A friend sent me an invitation to take the twins to a trial music class. It was something to do on a Saturday morning so I thought why not? It might be fun, I like music, I would like the twins to like it too and once again, I thought it'd be fun.

All I can say, now that it's over is that thank goodness it was only 45 minutes long and we were late to begin with. In that half an hour, I developed a criteria for parents to judge what sort of enrichment class they should put their kids into.

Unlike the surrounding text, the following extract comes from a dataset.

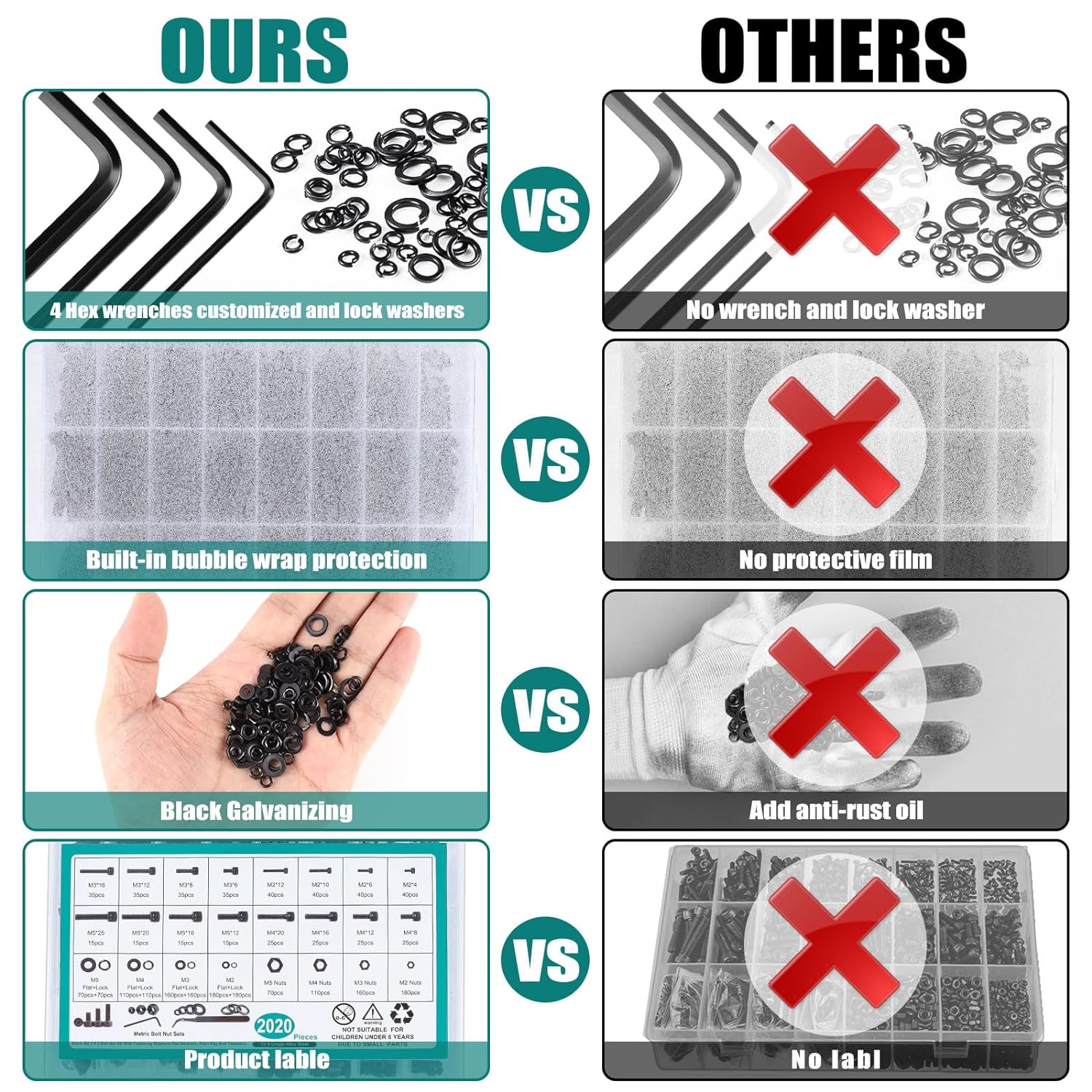 Bigger Amount :2020 pcs M2 M3 M4 M5 screws with nuts and washers mixture, sufficient for each day wants, 4 hex wrenches personalized for every dimension are offered within the package to make the screws simpler to make use of.

  1. Parents should not spend the entire session checking the time.
  2. Parents should not spend the entire session rolling their eyes and trying not to laugh.
  3. Content in the class should not be beyond the ability of the parents.

Why do I say this?

Packrat and I were bored out of our mind when the teacher started singing the scales to apparently "improve the child's auditory ability". Baby J gave me a look when she was made to sing the scales and said "Mommy, no like song". No kidding. Mommy no like either! And Mommy also thinks that the same "auditory ability" can be developed by singing anything from November Rain to Uptown Girl to Twinkle Twinkle Little Stars.

When the teacher gave the kids a paper plate and a crayon and told them to draw, while explaining to the parents that the music would stimulate the child's creativity and help them draw better, we exchanged a very pointed "ARE YOU KIDDING ME?" look and wondered what parent would be dumb enough to pay money and fall for the spiel.

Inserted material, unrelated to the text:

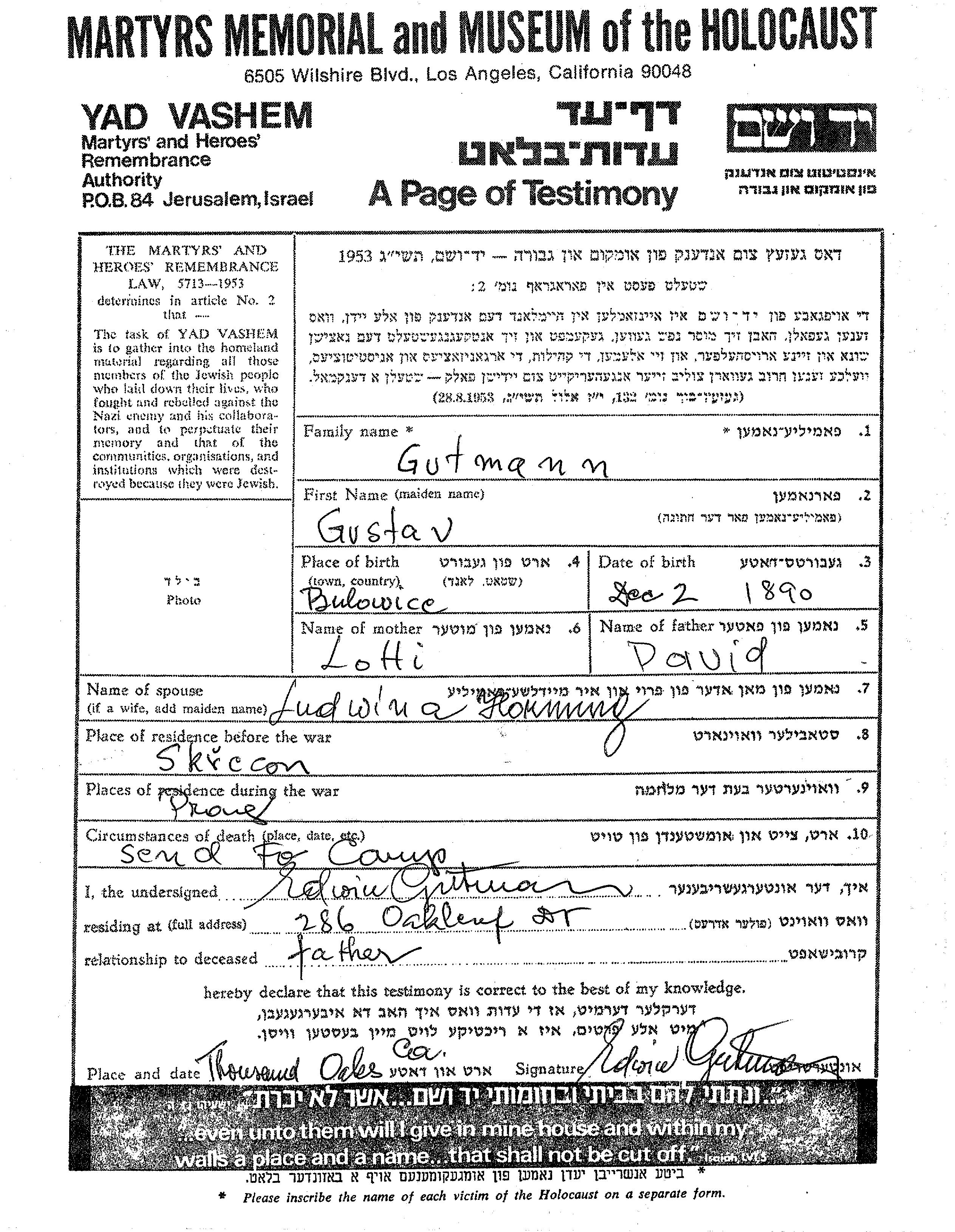 Gutmann Gustav 1890 Skrecon, Czechoslovakia Page of Testimony

What took the cake was when the teacher whipped out pictures of musical instruments. Not simple ones like the piano or guitar which the twins know but complicated ones that I only know because I had to study it for music theory when I played the piano. What 2-3 year old knows what a Viola, Cello, Double Bass, Oboe, Harpsichord or Piccolo is?

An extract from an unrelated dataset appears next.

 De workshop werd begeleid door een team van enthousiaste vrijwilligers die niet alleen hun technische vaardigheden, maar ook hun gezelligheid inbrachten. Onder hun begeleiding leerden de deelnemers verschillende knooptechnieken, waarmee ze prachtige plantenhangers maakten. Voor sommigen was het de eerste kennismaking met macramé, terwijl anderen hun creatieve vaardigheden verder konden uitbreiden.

On top of that, playing classical music pieces (albeit famous pieces) and asking the aforementioned 2-3 year olds to identify which instruments were used for which piece just made me wonder who they really were trying to kid? Yes, Mozart did spectacular things when he was 3 but I really don't expect my kids to do the same. Plus, he had to make up for the fact that he was unfortunately named Wolfgang Amadeus. My children have normal names and have nothing much to compensate for at this point.

So all in, I thought the twins would have had more fun at the park on Saturday morning. When I asked Packrat who would pay any sort of money for these sort of classes, he said that those parents intent on hot-housing their kids and go the way of enrichment as a form of keeping their children occupied in all the hours they are not in school. And the parents that believed that it was essential for the giftedness of the child to ensure they not only know how to identify a piccolo when it is heard over Symphony 92.4, they know how to spell it too and by 7, know how to play it blindfolded with their toes.

I rolled my eyes but knew that what he said was true because there truly was one parent of that specimen present at the class. She claimed her daughter being a few months shy of 3 was too advanced for the class. She also told the girl to draw a square with the scarf that was given to the children when they were invited to do free movement to the music (one of the few things I liked about the class) and proceeded to remind the girl that a square had four equal sides and right angles in every corner.

So was there anything else that I liked about the class at all?

Well, yes. The music and movement bit like I said. And them plonking around on a baby piano of sorts.







































But all the things I liked about it, I could conceivably do myself. All I need is some chiffon material and access to a piano that no one minds wrecking.